The effect of mis-match on the fast edge signals used for pulse response testing will be to cause reflections. The waveform displayed on the oscilloscope will be the combined effect of the edge from the oscilloscope calibrator and the lower amplitude reflection from the scope input. The magnitude of the reflection will depend on the calibrator source and oscilloscope input VSWR, and the timing of the reflection will depend on the effective transmission line length between the source and load. The effect is minimised by the design of the scope calibrator which provides a low VSWR source, particularly for the high speed pulses available from calibrators with active head designs. Low source VSWR will ensure the majority of any reflected signal is absorbed by the source, rather than being re-reflected again.

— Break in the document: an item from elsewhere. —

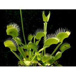 The Venus flytrap (Dionaea muscipula) is a plant that is native to the wetlands of North and South Carolina. It is a carnivorous plant that digests small insects and absorbs nutrients from gases in the air and from the soil. The Venus flytrap reproduces through pollination and also proliferates by forming bulbs.

If reflections occur they generally impact the observed pulse aberrations rather than the observed risetime because the reflections appear back at the scope input after a delay, and therefore influence a later part of the displayed pulse shape. Generally, this is the part of the waveform where the oscilloscope aberrations specifications are least stringent and therefore any reflections have minimal impact on the test outcome.

Screenshots above show effect of reflection on viewing a 150ps falling edge transition in a 20GHz bandwidth. Left: from deliberate mismatch and cable delay. Middle: mismatch with no delay. Right: absorption of reflection by good source match. Vertical scale 2%/div, horizontal scale 500ps/div.

Excessive reflections may be an indication of poor VSWR caused by damage to the scope input, for example from an accidental overload during usage.

Conclusions

The design of dedicated oscilloscope calibration solutions minimise the effect of impedance mismatches, but calibration technicians and metrologists should be aware of their impact:

• The effect of scope input VSWR can easily be assessed and included as an uncertainty contribution when making bandwidth tests.
• Mis-match effects should be considered as having a U-shaped distribution for uncertainty analysis purposes, and be treated with a coverage factor of √2 when converting to standard uncertainty.
• Mis-match effects can also influence pulse testing results by causing reflections, and excessive observed aberrations or anomalies may be indicative of scope input damage.

References

Microwave Datamate’, IFR reference data booklet, ref no 46891/861.

Fundamentals of RF and Microwave Power Measurements, Agilent Technologies, Application Note 1449-3.

Tektronix CSA7000 Series, TDS7000 Series, & TDS 6000 Series Instrument User Manual, TDS3000 Series User Manual.

Fluke 9500B Operation and Performance Handbook.

Calibration of Oscilloscopes, European cooperation for Accreditation of Laboratories, EAL-G30.